Elle led the way up to the apartment, ran a scanning device over the door. "One lifeform. You want to do the honors?"
Jay grinned and backed up a few steps before hurling himself at the door and knocking it off its hinges, landing neatly in a crouch, weapon at the ready. He did a fast three-sixty, checking for targets, and motioned her in. "Gotta be hiding somewhere."
Elle nodded and flanked him to the left, her gun out. It looked like a normal black assault rifle, but Jay knew damn well it had the same basic firepower as a naval nine-inch on a really bad day. He cocked the Phaser and went to the right, jerking round a corner, kicking open another door. Bathroom. Scuzzy—cockroaches on the floor, brown ring in the toilet bowl. Nothing. The next door was a bedroom, and there he struck gold. A tentacle protruded from under the bed.
"Freeze!" he yelled. "Come out slowly with all your pseudopods up."
Slowly the tentacle extended itself, and then another, and another. The main bulk of the creature looked more like a tapeworm with extensions than anything else: it slithered out from under the bed in a nasty sick snakelike motion and curled itself up with its tentacles pointing at the grubby ceiling. Jay grinned to himself. Piece of cake. "Who are you and what the hell are you doing on this planet without clearance?"
Behind him Elle slid into the room, gun at the ready. The tentacled thing—his brain did a bit of fast recall and came up with the species name, Jiiraliian, class 3—swayed, aware that it was totally outclassed in terms of firepower. It began to gargle in a thick choking voice; there was a brief delay before the agents' UTs cut in and they could understand what it was saying.
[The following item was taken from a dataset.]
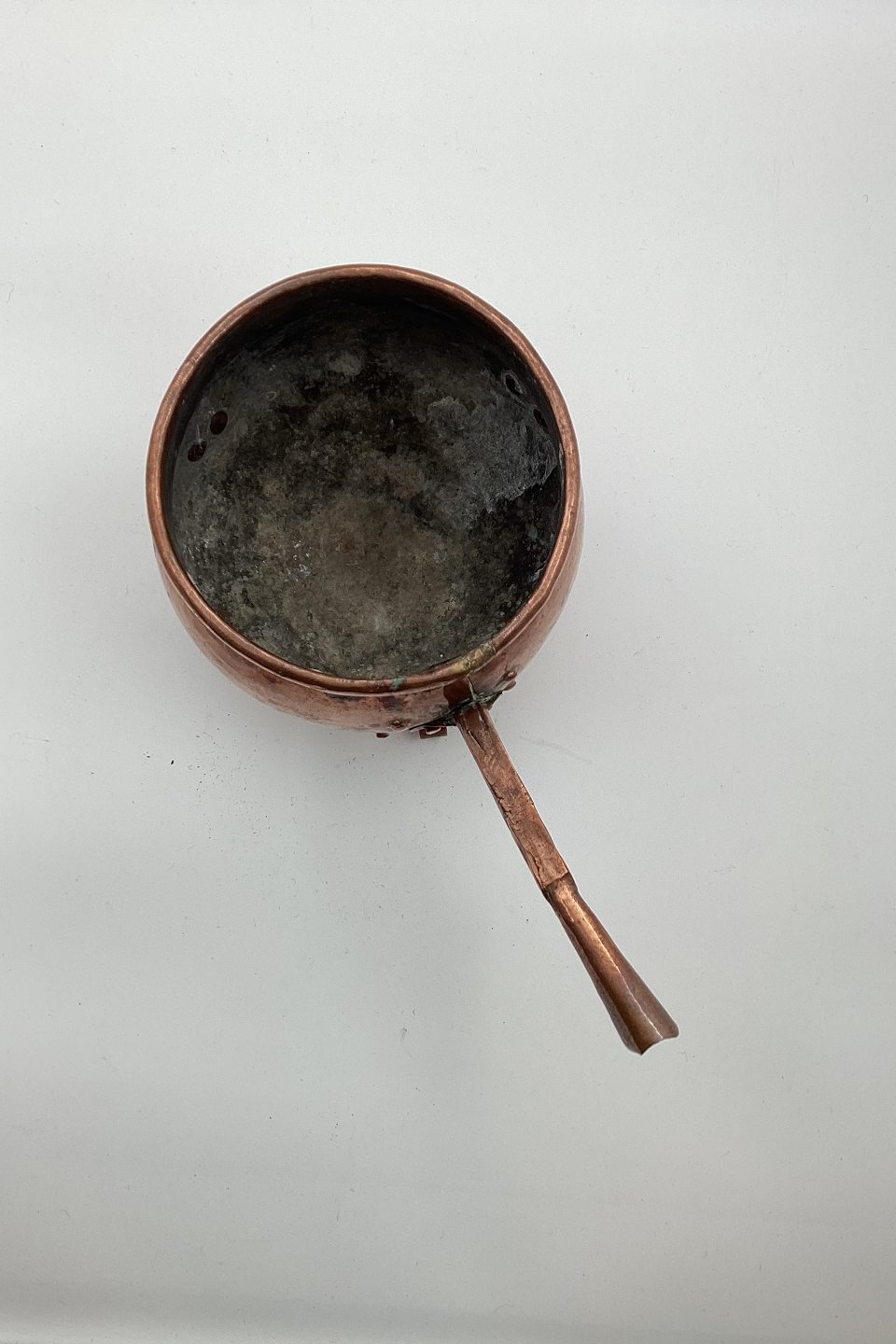 Smaller Danish copper pot with handle standing on three legs from approx. 1850. In good condition. Tinned inside. Dimensions: H. 11 cm (4.33 inches) L. 21 cm (8.26 inches). Opening diameter 10 cm (3.93 inches)

"---don't shoot, don't shoot, I surrender, don't kill me......."
"Gimme some answers, wormy," Jay snapped. "Where's that Cricket?"
The thing motioned cautiously with a tentacle. "Second drawer from the top under the T-shirts....don't kill me....."
"We're not gonna kill you," Elle said, disgusted, and slid over to the drawer, extracting the field-stripped Cricket prototype and showing it to Jay. Firepower cut down a few fractions, inertial dampers off, a nasty little concealed weapon good for a few shots before it shorted out entirely. "Who were you gonna shoot?"
"It went wrong!" the creature squalled. "It all went wrong! We were just gonna take out the Prince and leave, no questions asked, no problems, but someone else got there first! Someone took the Carbonizer!"
"Who?" Jay demanded, not letting the thing out of his field of fire.
"I don't know!" it pleaded. "Some dude in black! Killed my partner and took the Carbonizer, I had no choice, I had to get out of there!"
Elle sat down, keeping the non-AK-47 on the thing. "Talk to us. Who hired you. When. Why."
"Can I sit down? I don't feel too good."
Jay motioned with the Phaser. "Don't try anything."
"Don't even think it," the creature gasped. It was grayish, green mottled specks blushing deeper green and paling again; a thin sheen of sweat covered it. "I wasn't in this for me, I was just getting paid, it was the Khi Brotherhood......."
"The crazy Davan fundamentalists?" Elle snapped.
"Yeah, the religious freaks, they said they wanted the Transylvanian prince out of the picture, they thought he was a moral threat to Dava," it whined. "Please, I'm just a hired gun, I didn't mean anything....."
Jay felt mildly sick. The thing's cowardice rolled off it like waves of stench. "Quit blubbering. The Khi brotherhood bought you and who else?"
"My partner, he's dead, he got splattered two nights ago, the guy in black killed him...."
"Guy in black," Elle said, looking at Jay. "What, a black suit like us?"
"No, some long black robe, long hair, looked like a Transylvanian......"
Jay cursed volubly. "The Transylvanians are behind this."
"We were all set for the hit, we were gonna sneak into the hotel last night and hit him then get the hell off this planet in our ship....." it gasped. "We were in the alley behind the hotel when this guy just comes running up to us and blows my partner away, I ran, I had no choice, I just wanna get off this planet, can't you give me a break?"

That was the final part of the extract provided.